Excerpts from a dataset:
--------------------------------
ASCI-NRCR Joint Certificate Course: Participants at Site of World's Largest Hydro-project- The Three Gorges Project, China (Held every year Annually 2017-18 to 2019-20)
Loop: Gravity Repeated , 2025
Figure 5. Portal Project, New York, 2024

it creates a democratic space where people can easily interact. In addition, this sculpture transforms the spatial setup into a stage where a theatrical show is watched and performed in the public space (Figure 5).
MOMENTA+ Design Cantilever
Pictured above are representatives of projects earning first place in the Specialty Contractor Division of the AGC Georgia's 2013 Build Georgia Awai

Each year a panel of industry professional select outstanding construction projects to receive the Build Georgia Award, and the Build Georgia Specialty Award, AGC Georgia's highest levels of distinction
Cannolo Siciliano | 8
--------------------------------
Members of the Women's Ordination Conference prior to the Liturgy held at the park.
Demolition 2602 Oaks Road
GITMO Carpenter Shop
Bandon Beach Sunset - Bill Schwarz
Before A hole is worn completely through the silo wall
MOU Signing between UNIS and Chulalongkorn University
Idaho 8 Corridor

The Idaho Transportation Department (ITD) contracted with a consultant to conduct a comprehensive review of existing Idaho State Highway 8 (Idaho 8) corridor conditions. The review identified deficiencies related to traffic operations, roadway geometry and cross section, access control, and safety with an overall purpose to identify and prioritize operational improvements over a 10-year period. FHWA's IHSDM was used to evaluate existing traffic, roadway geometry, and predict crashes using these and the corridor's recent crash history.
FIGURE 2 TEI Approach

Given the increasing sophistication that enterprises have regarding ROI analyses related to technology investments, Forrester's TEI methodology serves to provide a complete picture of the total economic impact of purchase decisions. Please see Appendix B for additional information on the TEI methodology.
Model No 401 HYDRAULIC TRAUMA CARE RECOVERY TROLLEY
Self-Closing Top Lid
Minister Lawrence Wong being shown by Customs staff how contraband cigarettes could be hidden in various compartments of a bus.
--------------------------------
= YOUR GOAL =
What is asked for is an exact copy of the lines above from the one containing "Members of the" through the one containing "MOU Signing between", and only those.

= EXERCISE SOLUTION =
Members of the Women's Ordination Conference prior to the Liturgy held at the park.
Demolition 2602 Oaks Road
GITMO Carpenter Shop
Bandon Beach Sunset - Bill Schwarz
Before A hole is worn completely through the silo wall
MOU Signing between UNIS and Chulalongkorn University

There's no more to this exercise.